Look below for the line containing "Roveri un lielgaidas"; from there through the line containing "2年生綱引きが行なわれました", both lines included, please set down each line exactly and nothing else.

=== Task input ===
····················
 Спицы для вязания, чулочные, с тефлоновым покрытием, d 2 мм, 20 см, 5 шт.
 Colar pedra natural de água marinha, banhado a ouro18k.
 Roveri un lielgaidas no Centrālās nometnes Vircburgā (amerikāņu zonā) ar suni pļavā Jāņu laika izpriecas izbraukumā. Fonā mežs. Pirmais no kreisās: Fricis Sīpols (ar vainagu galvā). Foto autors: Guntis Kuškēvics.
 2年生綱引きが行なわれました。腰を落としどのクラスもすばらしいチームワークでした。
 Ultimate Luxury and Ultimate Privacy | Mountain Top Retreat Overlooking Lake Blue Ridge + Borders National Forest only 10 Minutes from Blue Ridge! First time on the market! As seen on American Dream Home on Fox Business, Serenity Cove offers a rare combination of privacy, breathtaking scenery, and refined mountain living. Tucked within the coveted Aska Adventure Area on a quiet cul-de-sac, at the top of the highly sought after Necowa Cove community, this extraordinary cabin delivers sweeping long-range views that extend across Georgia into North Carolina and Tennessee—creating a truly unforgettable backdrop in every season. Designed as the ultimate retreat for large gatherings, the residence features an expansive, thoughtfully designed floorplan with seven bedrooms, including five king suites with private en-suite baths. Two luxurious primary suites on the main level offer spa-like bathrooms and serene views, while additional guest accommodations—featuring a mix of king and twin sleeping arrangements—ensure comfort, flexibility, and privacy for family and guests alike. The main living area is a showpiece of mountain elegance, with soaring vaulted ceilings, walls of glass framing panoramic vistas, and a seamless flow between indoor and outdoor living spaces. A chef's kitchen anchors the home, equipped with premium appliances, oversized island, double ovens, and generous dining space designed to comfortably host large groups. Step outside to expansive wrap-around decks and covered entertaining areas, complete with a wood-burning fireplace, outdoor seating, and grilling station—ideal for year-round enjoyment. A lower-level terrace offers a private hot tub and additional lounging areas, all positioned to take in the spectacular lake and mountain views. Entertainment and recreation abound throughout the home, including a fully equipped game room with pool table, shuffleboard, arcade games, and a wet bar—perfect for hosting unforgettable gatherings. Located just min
····················
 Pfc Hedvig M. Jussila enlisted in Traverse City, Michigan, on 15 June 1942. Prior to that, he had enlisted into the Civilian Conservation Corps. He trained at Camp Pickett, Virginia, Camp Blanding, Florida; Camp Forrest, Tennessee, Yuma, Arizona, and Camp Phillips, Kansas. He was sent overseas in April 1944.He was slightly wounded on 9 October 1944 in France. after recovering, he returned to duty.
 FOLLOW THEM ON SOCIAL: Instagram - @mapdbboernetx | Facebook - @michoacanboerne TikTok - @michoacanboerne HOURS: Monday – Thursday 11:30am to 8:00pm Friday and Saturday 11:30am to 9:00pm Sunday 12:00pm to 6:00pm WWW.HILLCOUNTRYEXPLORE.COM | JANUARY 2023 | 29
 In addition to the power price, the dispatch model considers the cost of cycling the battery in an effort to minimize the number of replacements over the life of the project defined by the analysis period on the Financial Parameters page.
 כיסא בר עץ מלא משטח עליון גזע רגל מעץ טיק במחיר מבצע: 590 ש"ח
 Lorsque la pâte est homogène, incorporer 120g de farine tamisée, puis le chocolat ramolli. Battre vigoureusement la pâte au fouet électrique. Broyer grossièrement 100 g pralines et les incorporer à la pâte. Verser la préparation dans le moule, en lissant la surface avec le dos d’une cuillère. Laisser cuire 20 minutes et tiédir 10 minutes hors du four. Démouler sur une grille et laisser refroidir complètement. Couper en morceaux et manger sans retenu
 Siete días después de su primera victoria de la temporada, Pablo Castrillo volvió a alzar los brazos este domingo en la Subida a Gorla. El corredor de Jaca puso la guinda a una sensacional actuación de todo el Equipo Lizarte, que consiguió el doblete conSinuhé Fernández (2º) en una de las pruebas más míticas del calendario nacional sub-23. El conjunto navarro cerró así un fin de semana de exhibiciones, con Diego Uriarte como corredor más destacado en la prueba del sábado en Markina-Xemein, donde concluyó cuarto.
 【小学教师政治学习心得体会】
····················
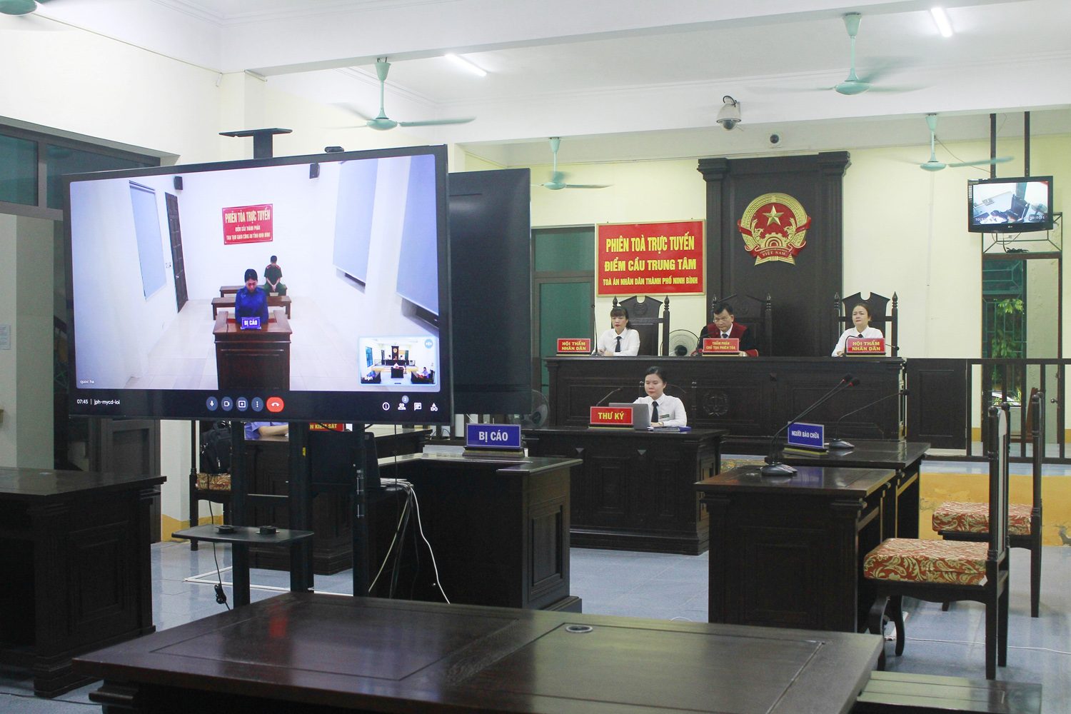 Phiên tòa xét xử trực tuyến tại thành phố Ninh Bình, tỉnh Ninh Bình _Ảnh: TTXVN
····················
=== Task response ===
 Roveri un lielgaidas no Centrālās nometnes Vircburgā (amerikāņu zonā) ar suni pļavā Jāņu laika izpriecas izbraukumā. Fonā mežs. Pirmais no kreisās: Fricis Sīpols (ar vainagu galvā). Foto autors: Guntis Kuškēvics.
 2年生綱引きが行なわれました。腰を落としどのクラスもすばらしいチームワークでした。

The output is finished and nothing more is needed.